Парень нехотя тащился за Филиппом.
— Кого напугался?
— Что-то грохнуло, и я под полком оказался.
— Это ж столбики подгнили.
— Я думал, черти. Вот и драпанул.
— Ну и драпанул! Наперед умней будешь.
— Скорей гармонь забудет. — Мать в сердцах долбанула Тольку.
— Я все равно научусь играть.
— Лучше скажи, где гармонь взял?
— У Миньки.
— Седни же отнеси.
— Мама, купи.
— И верно, купи ты ему, — вмешался Филипп. — Вишь, тяга к музыке, даже чертей не боится.
Все-таки уговорили вдвоем мать. Срядилась она с Опросиньей и за гармошку отдала теленка.
— Хотела Мартика продать да пальто купить, а теперь ходи в ремках.
— Зато с музыкой, — рассмеялся дядя.
Музыка теперь, действительно, не стихала: днем — в избе, ночью — на полке в бане. На селе стало больше одним гармонистом.
ПЕЛЬМЕНИ
Берестой на огне вьется Оксинья — везде успеть надо: и в колхозе, и дома. Правда, в личном хозяйстве немного управы. Скорее всего привычка осталась да желание сохранить ее в обиходе. Всего-навсего и была одна Буренка. Не корова — одно название. И та не ко двору: через год да каждый год переходница. Но попускаться животиной не хотелось: худо-бедно, молоко свое. А как-то до того осердилась, что решила заколоть.
Позвала она Андрона Васильевича, ветеринарного врача, и сказала:
— Режь Буренку.
— С умом ли, баба? — опешил ветеринар.
— Чо с ней делать? Опять нестельна. Ни молока, ни теленка. Одни хлопоты. Заколю, дак от маеты избавлюсь.
— Не дури.
Ветеринар оглядел корову, пощупал паха и, остановившись посреди ограды, сказал:
— Стельна.
— Лонись еко же место говорил.
— Помянешь меня.
Все-таки Андрон Васильевич настоял, не дал колоть.
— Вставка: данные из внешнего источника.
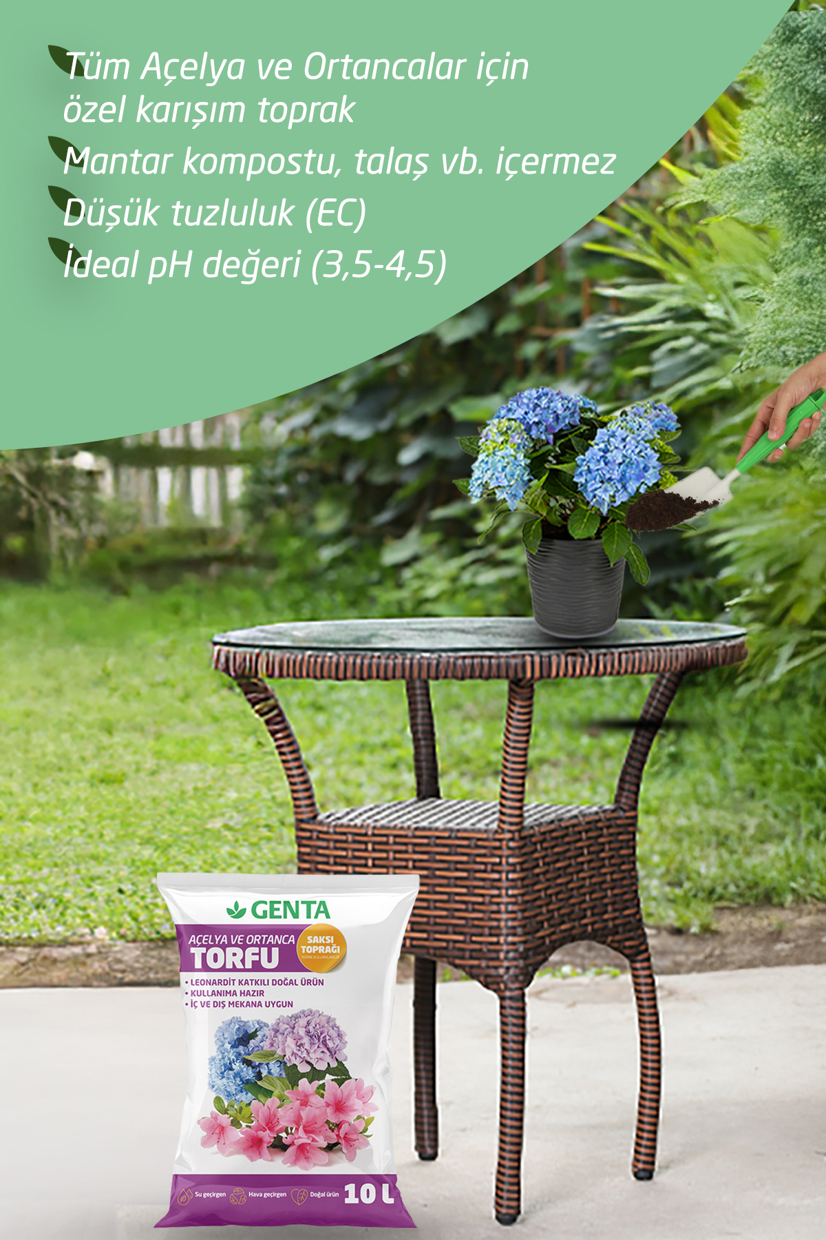 Enjoy growing flowers with 100 percent natural, azalea and hydrangea peat prepared by Genta for the healthy growth of your azaleas and hydrangeas.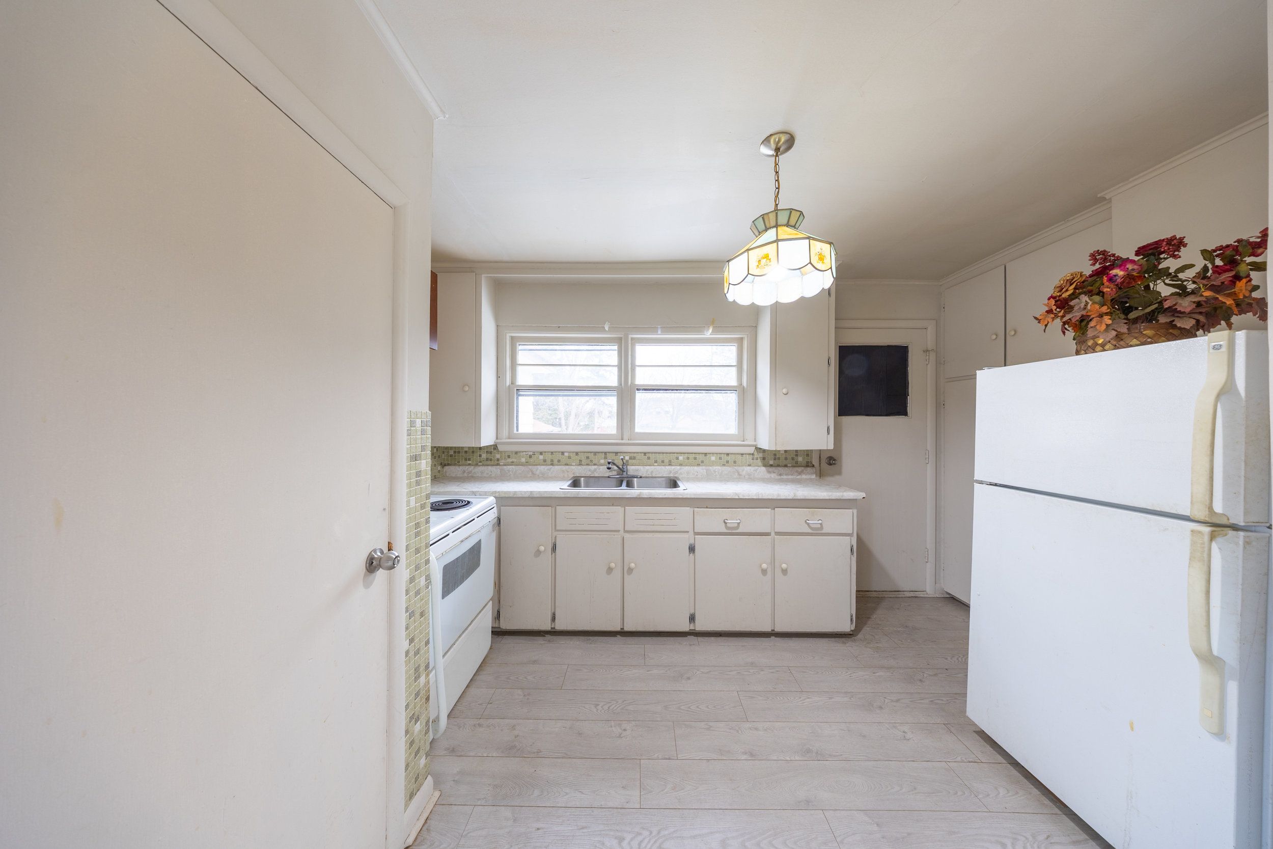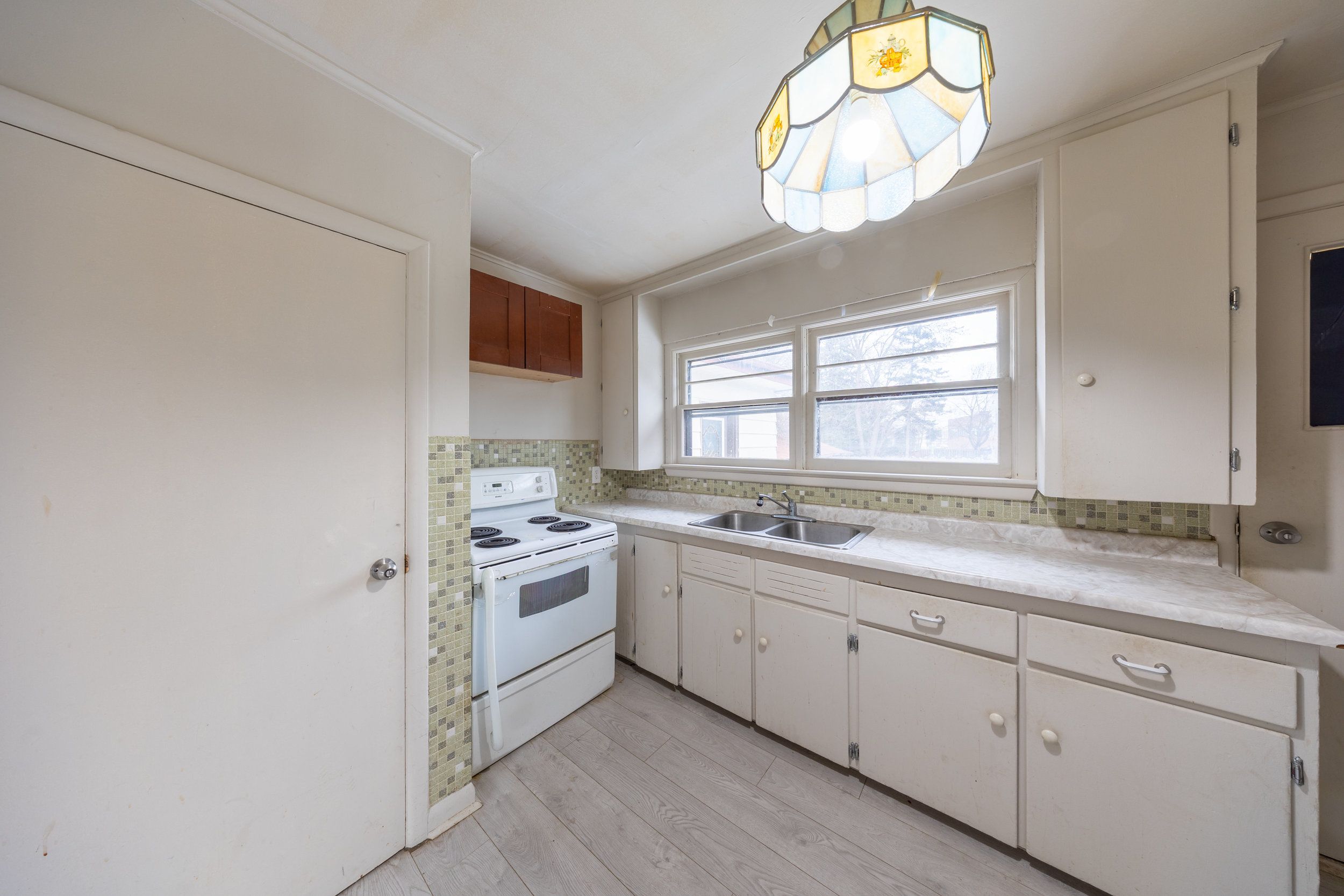 Situated on a quiet street tucked behind a commercial plaza, this property offers an impressive 250 ft x 97 ft (approximate) lot, zoned r3 currently, opening the door of future possibilities. Whether you're looking to build your dream home, explore multi-dwelling potential, or invest in a well-located property. The existing home features 3 bedrooms and a full bathroom on the main floor. The basement has an additional kitchen and living space for multi family use. The detached shed has a large footprint, set back in the property for additional storage or workspace. Roof (2022 approx)

Пустила Оксинья ее в зиму. Ждали растела целую весну. Денно-нощно дежурили: ночь — мать, день — Шурка. Боялись прокараулить приплод. Принять, выходить, сберечь — значило жить не тужить. Буренка переходила все ожидаемые сроки. Ни сенинки, ни соломинки не осталось в запасе, даже прелая крыша с пригона ушла на корм. А раскалица-распутица запоздала. Пришлось выпускать корову на улицу. Сбирала она по обочинам дороги вытаявшие оброненные оденки. До того исхудала, обессилела, что еле ноги волокла. Раз увязла в Гусином болоте — всем миром поднимали. Едва вытащили вожжами. Чуть прошли-прокатили талые воды, просохли бугорки, проклюнулась трава, выпустили вновь на волю. Устрожили за ней пригляд. Но опять прокараулили, утянулась куда-то Буренка. По словам соседки, Матренушки, укатила она в глубину ситок на Якшинскую дорогу.
Бегает Шурка, зовет животину, но та не откликается. Куда Шурка ни сунется, везде топь да грязь. Как угодила туда? Ведь ни следа, ни приметаны. Не по воздуху же залетела на релку.